Research findings reveal that not only is the fear of failure common but also the feat of success. An individual is said to fear success if he is overly concerned about the pressure and responsibilities associated with success or is concerned that success would eventually lead to his rejection by other people. Need for Independence Man is endowed with superior intelligence and the desire to assert himself and seek freedom from restricting stimulus is innate in all organisms. He wants to move or go about freely with his own movements and purposes to seek his happiness in accordance with accepted moral standards. Need for Status A number of individuals are motivated to work hard to achieve a certain level of status in life. Status is a prestige dimension which is the distinction or reputation arising from success, achievement, rank, power or wealth. An individuals particular status motives depends on his own values and philosophy. This type of need produces satisfaction, self confidence and selfworth. Need for Security People seek freedom from physical threat, risk and deprivation and of fear of losing a job or shelter. They are motivated to strive for something that secures or makes them safe. They defend on other people and conditions for security. The feeling involves on being able to hold on what an individual has, e.g. money, job and partners love and affection. The presence or lack of security affects the ability to satisfy his needs. As a motive, it might be the source of various personal unhappiness that eventually lead to social unrest. Security is important in an individuals life for it establishes his physical, emotional and social life. Need Hierarchy Theory The need hierarchy theory is based on the assumption that people are motivated to satisfy a number of needs that money can satisfy directly or indirectly. The hierarchy of needs theory is considered one of the most widely identified theories of motivation put forth by psychologist Abraham Maslow. Maslow saw human needs in the context of hierarchy, ascending from the lowest to the highest. He further concluded that when one set of needs is satisfied, this kind of need ceases to be a motivation.
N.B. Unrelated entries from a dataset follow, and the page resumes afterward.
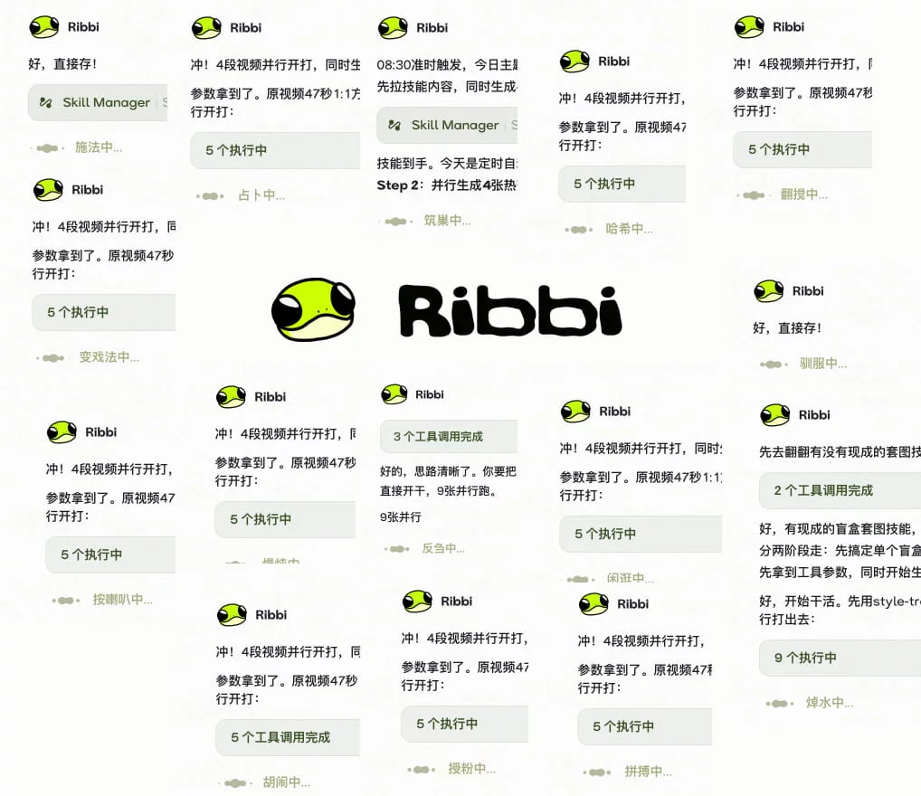 AI生成需要时间,所以必须显示加载中,Ribbi的加载中文案是我见过最多变了,用了几十次,至今没有发现重样的文案,从「占卜中」「筑巢中」到「慢炖中」,甚至还有极具生活气息的「焯水中」。我甚至怀疑这些文案都是让AI临时随机生成的,建议申请吉尼斯世界上加载文案最多的软件。
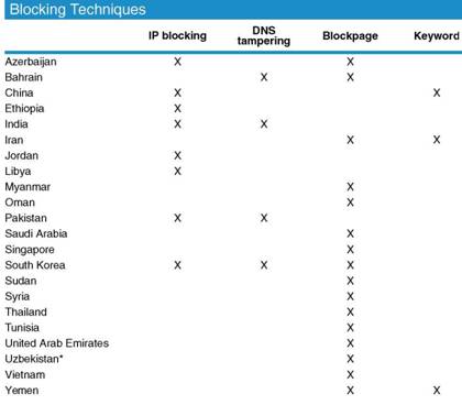 Ниже представлена таблица из книги Access Denied: The Practice and Policy of Global Internet Filtering7, в которой обозначено использование различными странами указанных методов фильтрации интернет-контента:
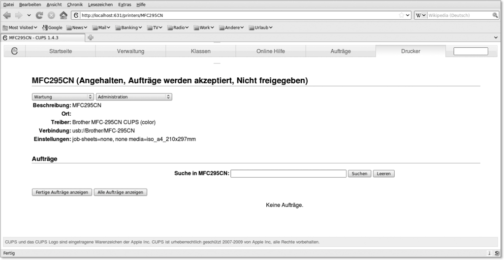 CUPS selbst bietet ein Webinterface, über das es sich konfigurieren lässt. Standardmäßig werden Sie auf Port 631 des lokalen Rechners eine Administrationsoberfläche unter folgender URL vorfinden:
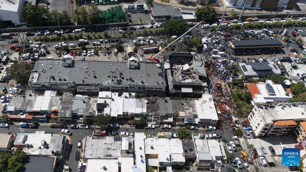 Aerial photo taken on April 8, 2025 shows the site of a nightclub roof collapse in Santo Domingo, the Dominican Republic. (Str/Xinhua)
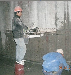 (1)、施工工藝:根據設計要求,必須對原結構混凝土墻體進行無振動切割,以免對原結構的破壞和干擾。針對這一要求,在切割施工中,使用水鉆切割施工具有施工速度快、效率高、無振動、不會對整體建筑結構造成破壞等優(yōu)點。
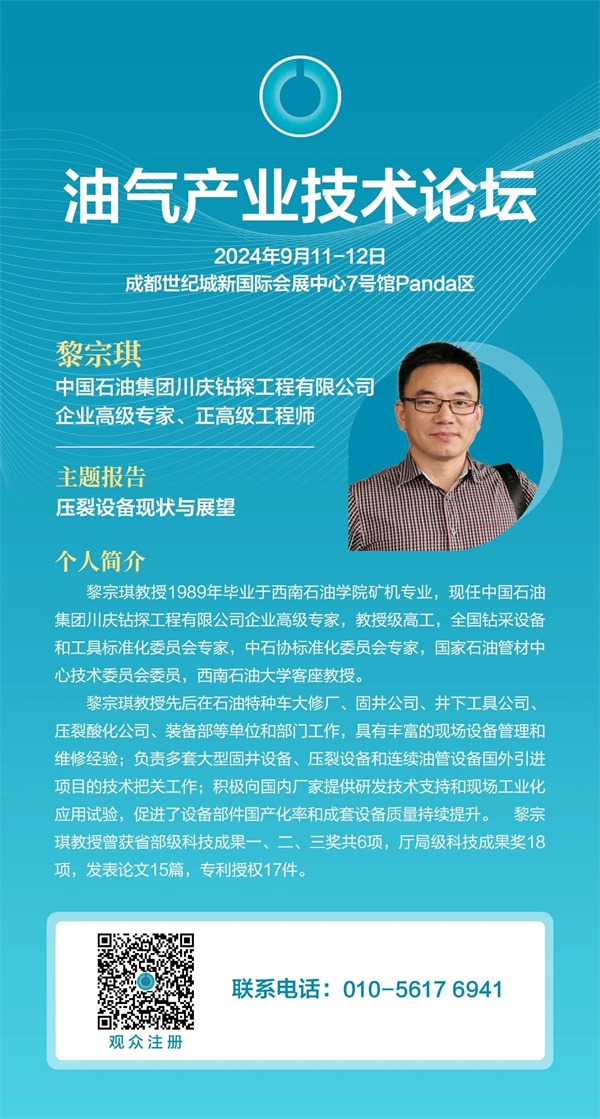 本屆論壇特別邀請到中國石油集團(tuán)川慶鉆探工程有限公司企業(yè)高級專家、正高級工程師黎宗琪出席,并發(fā)表題為《壓裂設(shè)備現(xiàn)狀與展望》主題報告,歡迎業(yè)界同仁準(zhǔn)時參會,與行業(yè)專家一道,共同聚焦我國西南油氣行業(yè)綠色、低碳、高質(zhì)量發(fā)展。
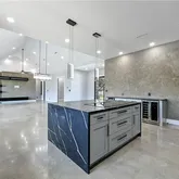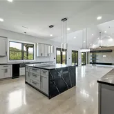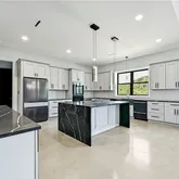 - Room Description 11: Stunning gourmet chef's kitchen with high-end luxury finishes; Waterfall quartz island with bar seating and a Samsung 36" smart induction cooktop with wifi; SS appliances include a Samsung Bespoke 30" double oven w/ all pro cooking camera, Samsung Bespoke 4 door French door fridge with beverage center, Cafe 24" drawer microwave, Cafe 24" dishwasher drawers, wine fridge, GE 15" trash compactor, and ice maker; SS farmhouse sink; Designer fixtures and tile backsplash; Large walk-in pantry

The Need Hierarchy. The basic human needs placed by Maslow in ascending order of importance is shown.

1. Physiological Needs. These are the basic needs for sustaining life such as food, water, air, shelter and sleep. Maslow noted that until these needs which are necessary to maintain life are satisfied, other needs will not motivate people in any kind of activity for their satisfaction.

2. Security of safety needs. These are needs to be free from any physical danger, threat and deprivation and of the fear of losing a job or shelter. 3. Affiliation or acceptance needs. People are social beings; and therefore they need to belong and to be accepted by others. This need is satisfied by the development of meaningful personal relations with other groups of individuals.

4. Esteem Needs. Maslow views that one people begin to satisfy their need to belong, they aspire to be held in esteem both by themselves and by others. This type of need produces satisfaction such as power, prestige, status, self-confidence and self worth. 5. Need for self actualization. Maslow regards this need as the apex of all needs in the hierarchy. This is a desire and aspiration of an individual to become what one is capable of becoming-to maximize ones potential and to accomplish something that is worthy of recognition. Maslows concept of hierarchy of needs has been subjected to considerable researches by various scholars in the field of psychology. They found little evidence to support Maslows theory that human needs form a hierarchy. They noted, however, that there were two levels of needs- biological and other needs. Other needs would emerge only when biological needs are satisfied. Moreover, they also found out that the highest level and the strength of needs varied with different individuals; in some individuals, social needs predominated; while in some, self-actualization needs were the strongest.